# Data below:
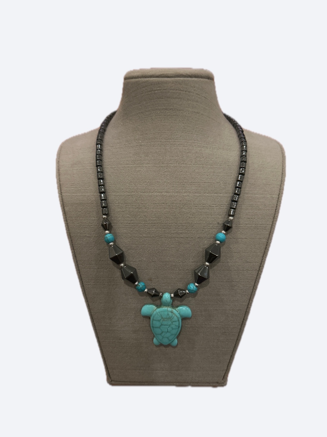 Turtle Pendant Necklace - Turquoise & Black Beads
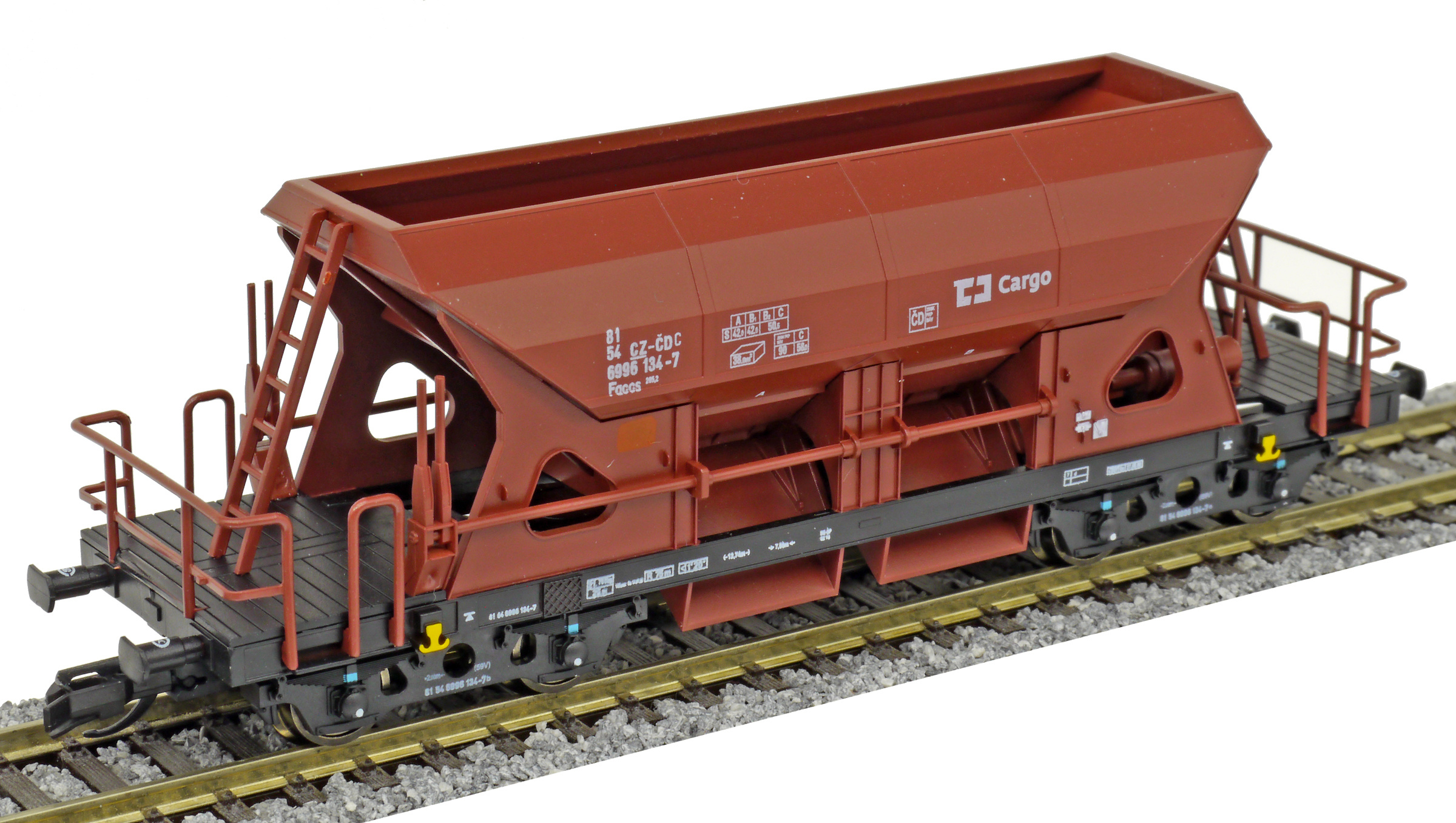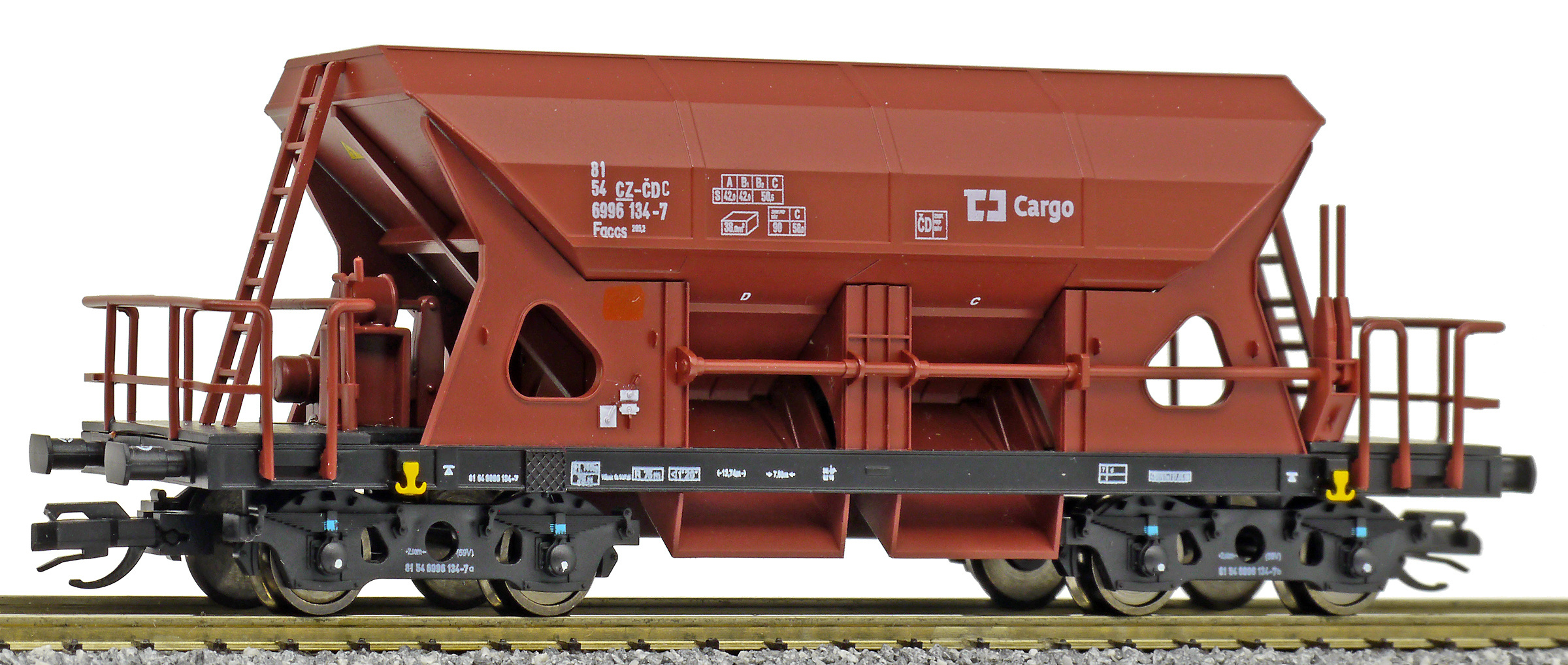Kód   3527  [Nákladní vozy] → [Samovýsypné] → [4-osé Faccs (Sas)] → 3527: nákladní samovýsypný vůz červenohnědý s černým rámem
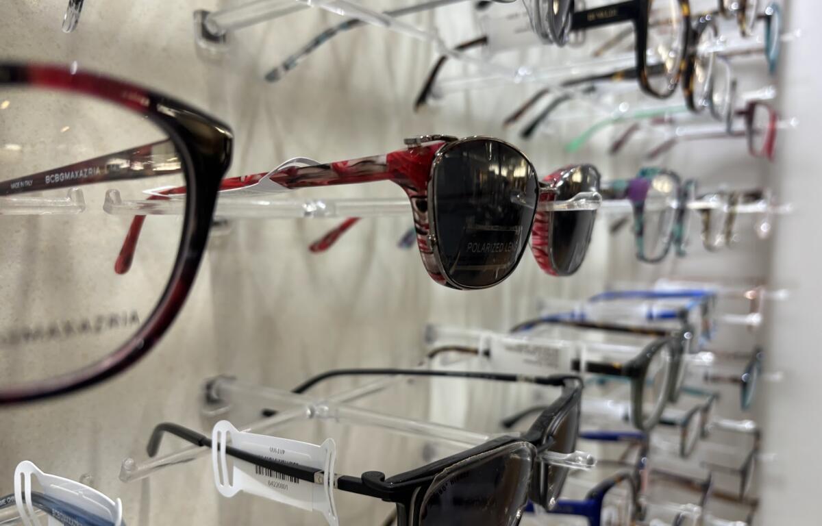 Sarah Coghlin, Asheville Eye Associates director of marketing and project engagement, examines the high-end frame selections Asheville Eye Associates chooses.
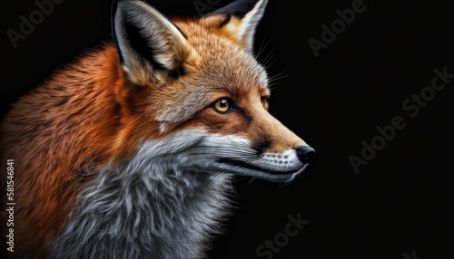 © AdriFerrer, Fototapeta premium Fox close-up on black background. Generative AI

# What is required:
When you find the line that contains "Sarah Coghlin, Asheville", retype it and every line after it through the end of the data above, exactly, with no pictures.

# Result:
 Sarah Coghlin, Asheville Eye Associates director of marketing and project engagement, examines the high-end frame selections Asheville Eye Associates chooses.
 © AdriFerrer, Fototapeta premium Fox close-up on black background. Generative AI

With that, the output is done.